GOAL OF THE EXERCISE: When copying the data below, keep only the lines from the one with "- 松开将后驱动单元出口软管固定到后副车架的卡子(3 个),然后将软管从副车架上拆下。" through the one with "Geben Sie den", word for word, and skip the pictures.

===== DATA BLOCK

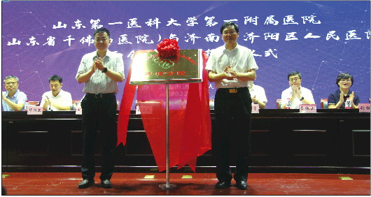 随后,千佛山医院党委委员、副院长王建宁与济阳区人民医院党委副书记、院长高峰签订各《专科联盟协议书》及《全面合作协议书》;区人民医院党委副书记、院长高峰分别与千佛山医院妇科主任荣风年、内镜科主任贾欣永、段瑞生神经内科主任、泌尿外一科主任刘庆勇为专科联盟揭牌;千佛山医院党委副书记、院长胡三元与济阳区区委副书记、区长黄晓广为两院全面合作揭牌。
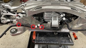 - 松开将后驱动单元出口软管固定到后副车架的卡子(3 个),然后将软管从副车架上拆下。
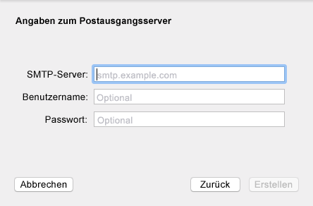 Geben Sie den SMTP-Server, Ihren Benutzernamen und das Passwort an.
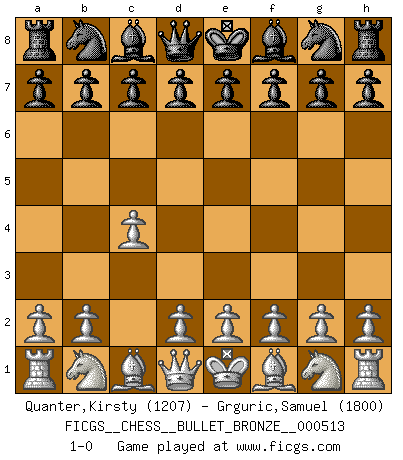 Last move : 1-0 2011 March 24 15:59:55 [Event "FICGS__CHESS__BULLET_BRONZE__000513"] [Site "FICGS"] [Date "2011.03.24"] [Round "1"] [White "Quanter,Kirsty"] [Black "Grguric,Samuel"] [Result "1-0"] [WhiteElo "1207"] [BlackElo "1800"] 1.c4 1-0 This chess game has been lost on time (started : 2011.03.24 15:53:2) English Opening Player White won this chess game. Follow this game move after move (download)Chess, like any creative activity, can exist only through the combined efforts of those who have creative talent, and those who have the ability to organize their creative work. (Mikhail Botvinnik) Wenn ein Kopf und ein Buch zusammenstoßen und es klingt hohl, ist es denn allemal im Buche? (Georg Christoph Lichtenberg) Hay jugadores fuertes y personas amables y yo soy un jugador fuerte. (Bobby Fischer) La guerre est enfant de la passion, la passion est enfant du narcissisme et le narcissisme est l'enfant. (...) Une autre partie ? (Thibault de Vassal) Employ the attack like tactic of defense. (Chinese proverb)

==========

RESULT OF THE EXERCISE:
 - 松开将后驱动单元出口软管固定到后副车架的卡子(3 个),然后将软管从副车架上拆下。
 Geben Sie den SMTP-Server, Ihren Benutzernamen und das Passwort an.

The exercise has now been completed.